ClearAll["Global`*"]
a = Characters[StringPadLeft[IntegerString[#, 2], 8, "0"]] & /@ ToCharacterCode["hello world"];
i = Binarize /@ Flatten[Table[{#, ColorNegate@#} &@ Rasterize[Graphics[Disk[#, 1/2] & /@ k, PlotRange -> {{0, 1}, {0, 1}}], ImageSize -> 
        100], {k, {{{0, 0}, {1, 1}}, {{0, 1}, {1, 0}}}}]];
rules = {{x_, y_} /; EvenQ[x + y] && a[[x, y]] == "0" :> 
    i[[4]], {x_, y_} /; EvenQ[x + y] && a[[x, y]] == "1" :> 
    i[[1]], {x_, y_} /; OddQ[x + y] && a[[x, y]] == "0" :> 
    i[[3]], {x_, y_} /; OddQ[x + y] && a[[x, y]] == "1" :> i[[2]]};
img = ImageAssemble[ReplacePart[a, rules]];

(*  above: Vitaliy's code -- below: my approach for decryption  *)

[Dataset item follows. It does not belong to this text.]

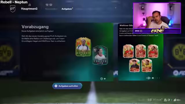 05:53:07Der Streamer setzt seine Bemühungen fort, die Sterne-Aufgaben abzuschließen, und nähert sich dem Ziel. Er startet eine Wette bezüglich des Inhalts des bevorstehenden Packs. Er spricht über persönliche Vorlieben bezüglich Musik und kündigt eine FIFA-Verlosung auf seinem Instagram-Account an. Er fragt den Chat nach der Anzahl der benötigten Sterne und konzentriert sich darauf, die letzten Aufgaben zu erledigen. Trotz einiger Schwierigkeiten und der knappen Zeit gelingt es ihm, die erforderliche Anzahl an Sternen zu sammeln. Er beendet die Wette und bereitet sich darauf vor, das 50k-Pack zu öffnen.

(* possible partitions in terms of numbers: *)
partitions = Flatten[Table[{px, py}, {py, 6, 12}, {px, 4, 10}], 1];
dims = ImageDimensions[img];
(* possible partitions in terms of pixels: *)
pixdims = dims/# & /@ partitions;
imgParts = Flatten[ImagePartition[img, #], 1] & /@ pixdims;
(* trying to find clusters of similar partitions: *)
clusters = FindClusters /@ imgParts;

(* helper function for similarity within a cluster: *)
similarity[scl_List] := Module[{prodimg, meanimg, prod, mean},
  prodimg = Times @@ scl;
  meanimg = Mean[scl];
  prod = Total@Flatten@ImageData[prodimg];
  mean = Total@Flatten@ImageData[meanimg];
  prod/mean
  ]

(* with the correct partition 4 clusters are expected: *)
indx = First /@ Position[Length /@ clusters, 4];
(* there might be more clusters of length 4,
    ... then the winning index is: *)
windx = indx[[First @ PositionLargest[Times @@@ Map[similarity, clusters[[indx]], {2}]]]];

(* now - knowing the correct partitions - doing the precedure backwards: *)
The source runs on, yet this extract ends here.